# Axel19



## Imagine (Oct 24, 2004)

Does anyone know whats happened with Axel19?

Did he leave the forum or whatnot?


----------



## g-funk (Aug 20, 2004)

Wasn't he going travelling?


----------



## enigma (Feb 18, 2005)

g-funk said:


> Wasn't he going travelling?


Central America, I believe (maybe they ate him down there).

?


----------



## sebastian (Aug 11, 2004)

enigma, what's with the varying accents on your "e" signature? I notice you're now adopting Le accent circumflex, but before you had une accent aigu. How are we to assimilate this?


----------



## enigma (Feb 18, 2005)

sebastian said:


> enigma, what's with the varying accents on your "e" signature? I notice you're now adopting Le accent circumflex, but before you had une accent aigu. How are we to assimilate this?


Don't question it, Sebastion, just accept it. :lol:

Є


----------



## Axel19 (Aug 11, 2004)

Hah, at last!!!!! I returned from my travels about a week ago, but waited till someone would post asking where I was, since nobody has ever done that.
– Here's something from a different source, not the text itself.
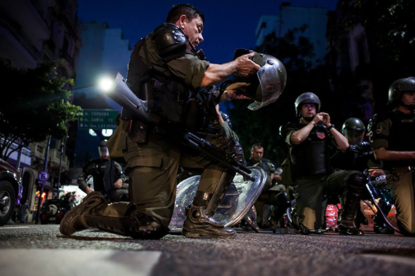 Hay ciertas calles que adquirieron violentamente el tinte verde o el azul de las fuerzas de seguridad. Mientras el Estado argentino entrega su propia dote a los marioneteros del capital: ofrece riquezas naturales, entrega los recursos de la Pachamama, garantiza ilimitada liberalización del mercado, asegura que no habrá obstrucciones a los planificadores de blancos guantes que jamás se manchan sus ropas ni sus cuerpos.

I am touched by your apparent concern.
Enigma, I find it fascinating that you are one of the only people to correctly name where I went. People kept asking me about 'South America'.
Well it was very nice and I will write a full report shortly.


----------



## Axel19 (Aug 11, 2004)

Still, only 3 people appeared to notice I was gone.  
I wish they had eaten me in Central America.
Oh, and Imagine, I would never do something so daft as officially _leave_ a virtual area of webspace, so don't worry in future.


----------



## Scattered (Mar 8, 2005)

Whats in that pipe?


----------



## Imagine (Oct 24, 2004)

Dried central american poop.


----------



## terri* (Aug 17, 2004)

HELLO AXEL !!!!

I have been off myself, but totally planned on seeing if you had returned yet. OMG, you have a whole secret fan club that meets without your knowledge and discusses where you might be and what you what you might be doing. Didn't you know that? Wow, it has been a well guarded secret.

So when do we get the report?

Start in Atlanta and say something good about the South.

Really, glad you had a safe and happy trip.

What _is_ in that pipe?

 terri


----------



## Axel19 (Aug 11, 2004)

Terri, I've already posted my account of Central America, I didn't have very nice things to say about Atlanta though unfortunately. I didn't make it to Little Five Points, I explain in my other post. I wish I could've though, damn airport security.


----------